Bennett uses these building relations to define what it means for something to be fundamental, or more fundamental than something else. She discusses a number of possibilities but argues that the patterns in building relations account for what makes something more or less fundamental. “Like the reason the table is less fundamental than the little particles zipping around is precisely the fact that the table is built from those particles,” Bennett says.
This leads her to argue for an expanded definition of metaphysics itself, which is often described as the study of the fundamental nature of reality, or fundamental being. “There’s a famous phrase from a philosopher, William van Orman Quine, about having a taste for desert landscapes. Some philosophers want to make do with as few entities and things as they can. So they say that there isn’t really a table here. All there is are the bits,” Bennett says.

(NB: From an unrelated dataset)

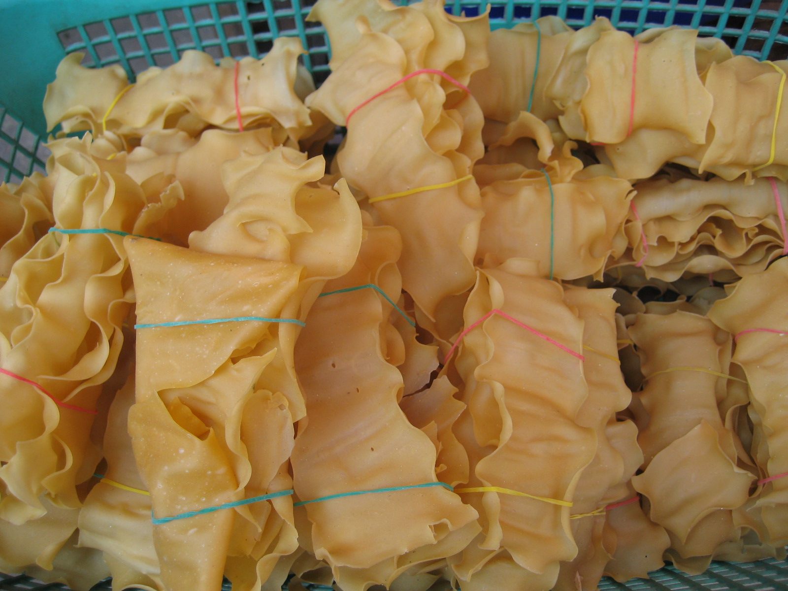(တိုဖူးခြောက်း )는 노란색 두부를 길고 얇은 직사각형 형태로 썰어 햇볕에 말린 것이다. 새우 과자나 생선 과자와 유사하며 묶음으로 판매된다.

She disagrees, arguing that the nature of reality and inquiries into that reality must include the nonfundamental, the built things. “And there are various nonfundamental things that are perfectly good topics for metaphysical inquiry,” she says.
The Rigor of Philosophy
Humanities can seem uncollaborative compared to the sciences, with individual scholars often writing books and articles with only one name across the top. However, in many humanities fields, philosophy included, there’s an infrastructure of rigorous give-and-take between colleagues before work sees publication.
In philosophy, it’s generally expected that scholars will present work-in-progress at talks or conferences. They present their work for an hour and then field questions for another hour. These are not soft-ball questions. “The ideal norm in our field is a kind of constructive, non-hostile raising of objections,” Bennett says. “And you as a philosopher and a thinker often have to revise in light of those discussions.”
Philosophy is known for this kind of rigorous debate, and it’s one of the things Bennett values about the field. It’s also one of the reasons philosophy majors are so versatile. “Philosophy teaches really solid critical thinking and reading skills, and the ability to identify the structure of an argument and to assess that argument,” Bennett says. “Our undergraduate majors can go off and do everything.”